The UAE government provide many public services like healthcare, roads, education, parks, social services and waste management. The expenses of these services are paid by the government budgets. VAT and Excise taxes will provide our country with a new source of income to continue delivering excellent public services and ensure a high quality of life.
HOW TAX WORKS
VALUE ADDED TAX
Value-Added Tax or VAT is an indirect tax on the consumption or use of goods and services. VAT is imposed on most supplies of goods and services that are bought and sold. VAT is a form of indirect tax and is used in more than 180 countries around the world.
VAT is charged at each step of day to day expenses. Ultimate consumers generally bear the VAT cost while Businesses collect and account for the tax. Businesses act as a tax collector on behalf of the government.
VAT will be introduced across the UAE on 1 January 2018 at a standard rate of 5%.
The below illustration demonstrates how VAT works throughout a business:
A farmer grows dates which are plucked and sold to a factory for 1000aed. The farmer collects VAT (5%) from the factory on behalf of government (1000 + 50 = 1050aed). The factory processes the dates and makes dates syrup which is sold to a retail shop for 3000aed. The factory collects VAT from the retailer on behalf of the government (3000 + 150 = 3150aed). The factory receives a refund on the vat paid to the farmer (150 – 50 = 100aed). The Date syrups are stocked in stores and placed for sale to consumers for 5000aed. The retail store collects VAT from the consumer on behalf of the government (5000 + 250 = 5250aed). The retailer receives a refund on the VAT paid to the factory (250 – 150 = 100aed).
In UAE, VAT will be of 5% on most goods and services, although there will be some exceptions. Consumers generally pay VAT in the form of a 5% increase in most goods and services they purchase in UAE.
VAT will be charged at 0% for the following main categories:
- Exports of goods and services outside the GCC States that implement VAT
- International transportation, and related supplies
- Supplies of the certain sea, air and land means of transportation (such as aircraft and ships)
- Certain investment grade precious metals (e.g. gold, silver, or 99% purity)
- Newly constructed residential properties, that are supplied for the first time within 3 years of their construction
- Supply of certain education services, and supply of relevant goods and services
- Supply of certain Healthcare services, and supply of relevant goods and services
The following categories of supplies will be exempt from VAT:
- The supply of some financial services (clarified in VAT legislation);
- Residential properties;
- Bare land
- Local passenger transport
Excise Tax is a form of indirect tax on specific goods that are harmful to human health or the environment.

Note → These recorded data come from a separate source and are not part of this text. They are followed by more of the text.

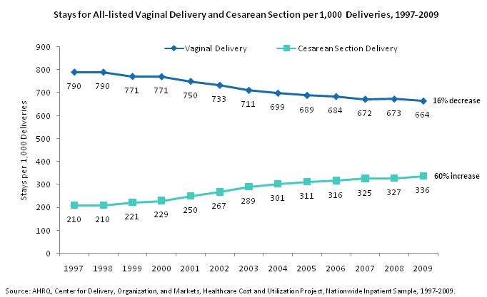 Stays for all-listed vaginal delivery and Cesarean section per 1,000 deliveries, 1997 through 2009. Line chart. Stays per 1,000 deliveries. Vaginal delivery. 16% decrease between 1997 and 2009. 1997: 790; 1998: 790; 1999: 771; 2000: 771; 2001: 750; 2002: 733; 2003: 711; 2004: 699; 2005: 689; 2006: 684; 2007: 672; 2008: 673; 2009: 664. Cesarean section delivery. 60% increase between 1997 and 2009. 1997: 210; 1998: 210; 1999: 221; 2000: 229; 2001: 250; 2002: 267; 2003: 289; 2004: 301; 2005: 311; 2006: 316; 2007: 325; 2008: 327; 2009: 336. Source: AHRQ, Center for Delivery, Organization, and Markets, Healthcare Cost and Utilization Project, Nationwide Inpatient Sample, 1997-2009.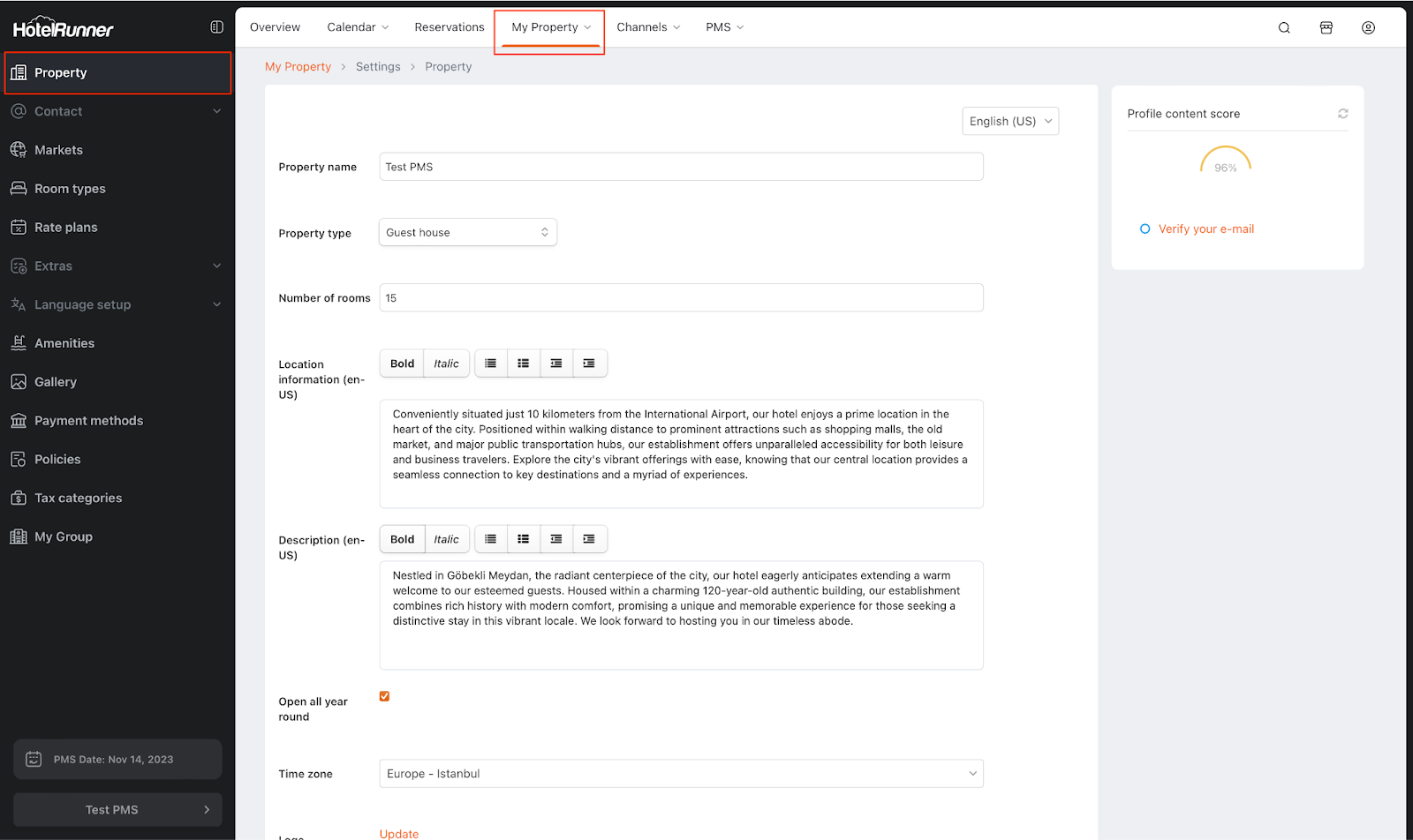 The Property Profile is where you define fundamental details about your property (name, room count, location, description, etc.) in the HotelRunner panel. The information entered here directly influences the Booking Engine and your website, making it crucial for a positive guest experience, operational efficiency, and your brand image.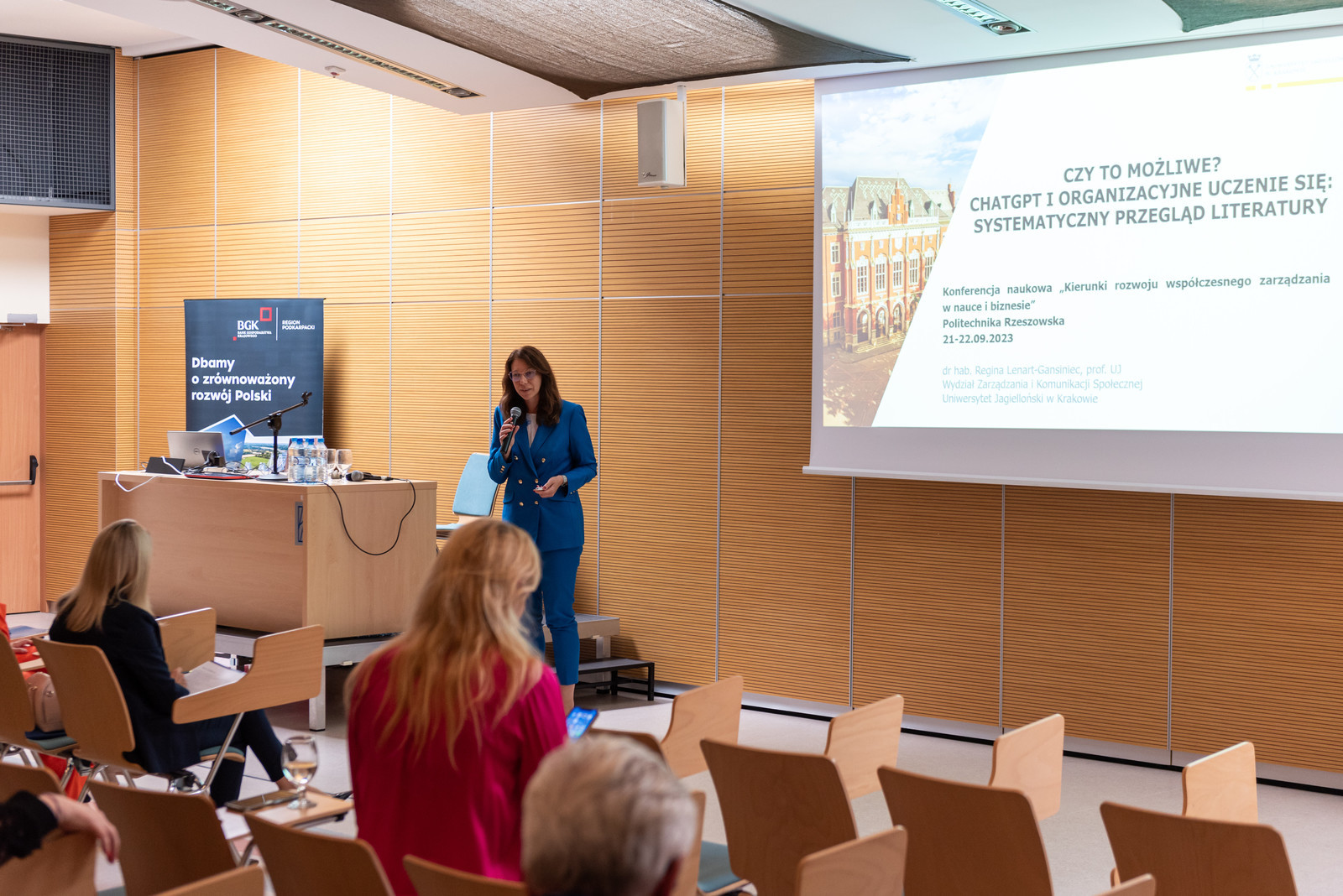 Moderatorami sesji byli: dr hab. inż. Agnieszka Cholewa-Wójcik, prof. Uniwersytetu Ekonomicznego w Krakowie, dr hab. inż. Dariusz Siemieniako, prof. Politechniki Białostockiej, prof. Akademii Leona Koźmińskiego w Warszawie. Podobnie jak podczas pierwszego dnia, wspólnym tematem łączącym bardzo ciekawe, jednak różnorodne wystąpienia były nowoczesne technologie oraz człowiek. W trakcie wystąpień nie zabrakło gratulacji i życzeń kolejnych 30 lat dla Wydziału Zarządzania.
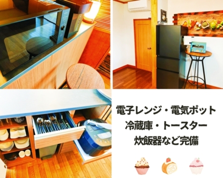 地元の食材を調理できるフルキッチンを完備。基本の調理器具や食器もご用意しております。
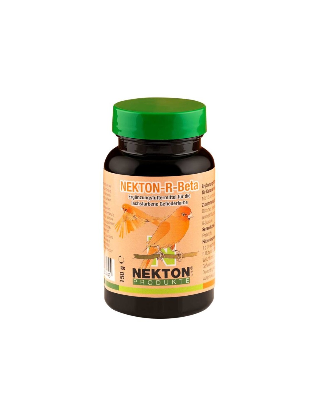NEKTON-R-BETA intensifica los colores del plumaje de los canarios de color, realzando especialmente los tonos rojizos. NEKTON-R-BETA, con sus ingredientes activos, refuerza un suave y ordenado cambio del plumaje y fomenta su crecimiento en pájaros jóvenes. Debido a su solubilidad NEKTON-R-BETA se suministra fácilmente en el agua de bebida o también sobre la fruta o pasta de huevo. Como las plumas sólo pueden verse influenciadas durante su crecimiento, añadir NEKTON-R-BETA justo al principio del periodo de muda o inmediatamente después del nacimiento de los pollos y dejar de suministrar en cuanto estén completamente desarrolladas las plumas. Vitaminas : vitamina A, vitamina D3, vitamina E, vitamina B1, vitamina B2, d-pantotenato de calcio, amida del ácido nicotínico, vitamina B6, ácido fólico, vitamina B12, vitamina C, vitamina K3, biotina. Aminoácidos : DL-metionina / L-lisina / L-alanina / L-arginina / L-ácido aspártico / L-cistina / L-glutamina / L-glicina / L-histidina / L-isoleucina / L-leucina / L-fenilalanina / L-prolina / L-serina / L-treonina / L-triptófano / L-tirosina / L-valina Minerales y oligoelementos : calcio / zinc / manganeso / cobre / hierro /cobalto / yodo / Magnesio Carotenoide : beta-caroteno

The intent of excise tax is to reduce the use of harmful commodities.
The following goods will be applicable to excise tax:
- Tobacco Products
- Carbonated drinks (note that this excludes sparkling water)
- Energy drinks
The consumer needs to pay a higher retail price once Excise Tax is implemented. The rates to be applied in the UAE will be:
- 50% for carbonated drinks
- 100% for tobacco products
- 100% for energy drinks
VAT FOR BUSINESS
- A business must register for VAT if their taxable supplies and imports exceed the mandatory registration threshold.
- A business may choose to register for VAT voluntarily if their supplies and imports are less than the mandatory registration threshold, but it should exceed the voluntary registration threshold.
- The opportunity to register voluntarily is designed for start-up businesses with no turnover to register for VAT.
- The mandatory registration threshold will be AED 375,000.
- The voluntary registration threshold will be AED 187,500.